Insulin vs. Ketones

By December 2, 2016Blog

POST SUMMARY: What this means for you…

Let ketones be your guide to knowing how well you’re controlling your insulin levels (because ketones are easier to measure at home than blood insulin levels). Make an effort to keep insulin low by avoiding the starchy carbohydrates and consuming insulin-friendly fat.

Insulin Resistance and Ketones

If you’ve heard the word “ketone” before, I bet it was in the context of a conversation about someone with diabetes.
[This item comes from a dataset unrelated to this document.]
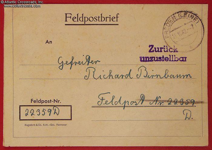 Private Richard Birnbaum, a native of Herne, a city in in North-Rhine Westphalia in the northwest of Germany, was a son of a farmer. Tracking the postal cancels and return addresses of his 1940 correspondence, he was already in the army in February and stationed in Weende, Gottingen, central Germany. From mid-March, the letters have FeldPost 22359 D as the return address. This number was assigned to the 6th Battalion, 171st Artillery Regiment, 71st Infantry Division. From October 1940 to March 1941, it served as a training troop in Konigsbruck. From November 1941 through April 1942, it served in Belgium and France. Then their luck rather abruptly changed.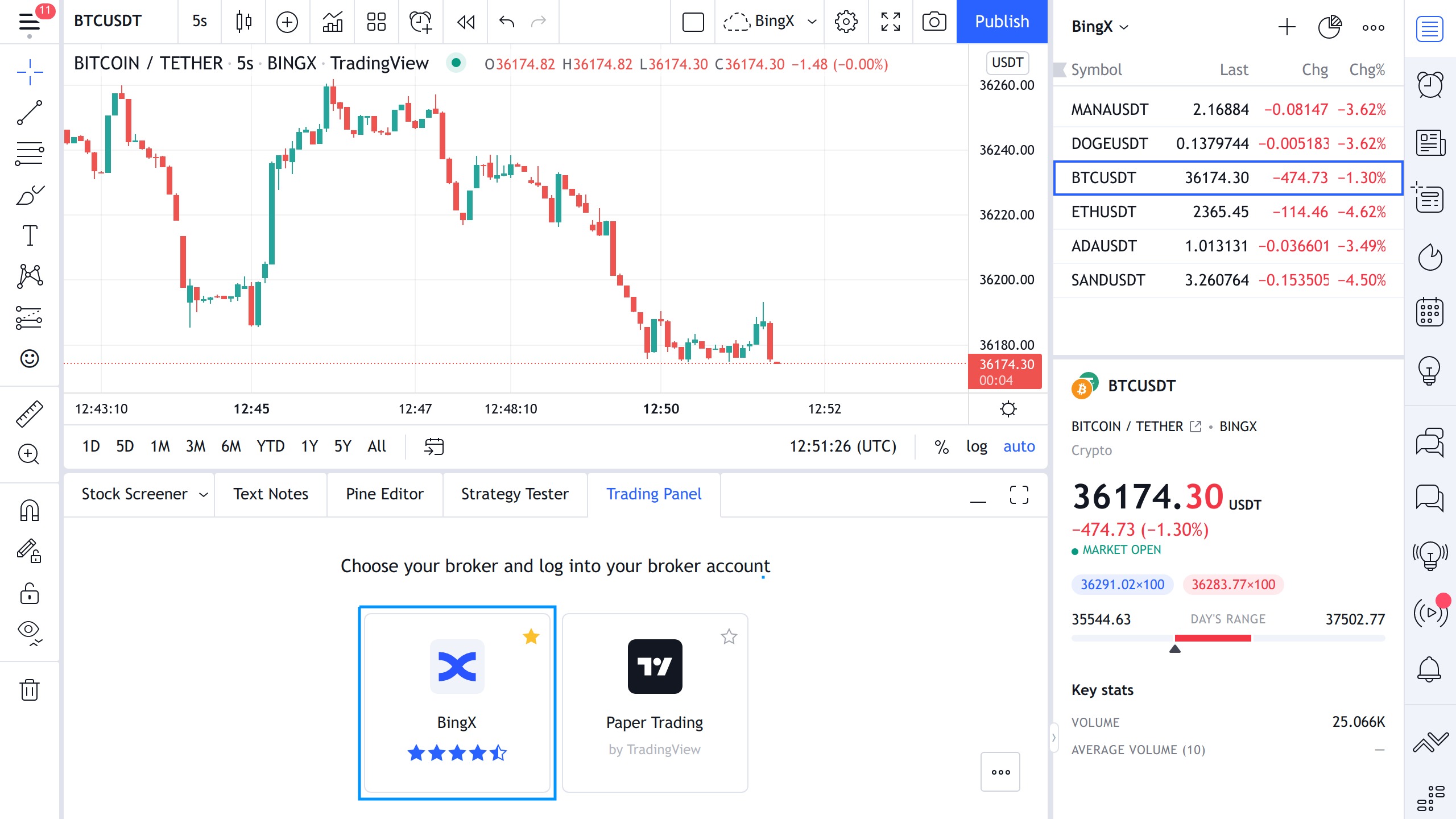 - 打开图表,点击底部的交易面板,选择BingX;

And rightly so—diabetes (type 1 or 2) is a problem of insulin (not glucose!), and insulin and ketones are, in a way, opposites.

Ketones are an inverse indicator of insulin because insulin inhibits ketone production (i.e. ketogenesis) [1, 2]. In other words, if insulin is high, ketones are low; if insulin is low, the liver breaks down fat into small pieces called ketones (insulin in fact tells the liver to make and store fat) [1]. For this reason, a diet that keeps insulin low is referred to as a “ketogenic diet”—the low insulin levels allows the production of ketones.

You’re invited to attend one of our free, > live lectures to learn more about InsulinIQ™.

Metabolic Garbage?

I used to consider ketones as a simple indicator of insulin—for me they were only relevant insofar as I wanted insulin to be low and increased ketones are a sign of low insulin.

However, ketones are enjoying their day in the sun, but it wasn’t always this way.

Ketones were once considered “metabolic garbage” because scientists were unaware of any role for them. Oh how the times have changed! Not only are ketones recognized as a viable fuel source for almost every cell, including the brain and muscles, but they’re also important signaling molecules that have multiple beneficial effects. Some of the known benefits of ketones include increasing the number of mitochondria in the cell (where fats are broken down) [3], reducing oxidative stress [4], controlling inflammation [5], improving brain/cognitive function [6] and, in the case of some organisms (no evidence in humans), extending lifespan [7].

It’s for these reasons that people have started selling (and buying!) supplements with ketones.

Nutritional vs. Supplemental Ketosis

With evermore evidence supporting the benefits of ketones, several companies have come to life that seek to capitalize on ketones’ new reputation. These companies claim to improve one’s health by providing oral ketone supplements and there is evidence, mentioned above, that supports the benefits of ketones. However, putting ketones in your mouth is a very different state than that created by a diet that induces ketone creation in your liver from your own fats.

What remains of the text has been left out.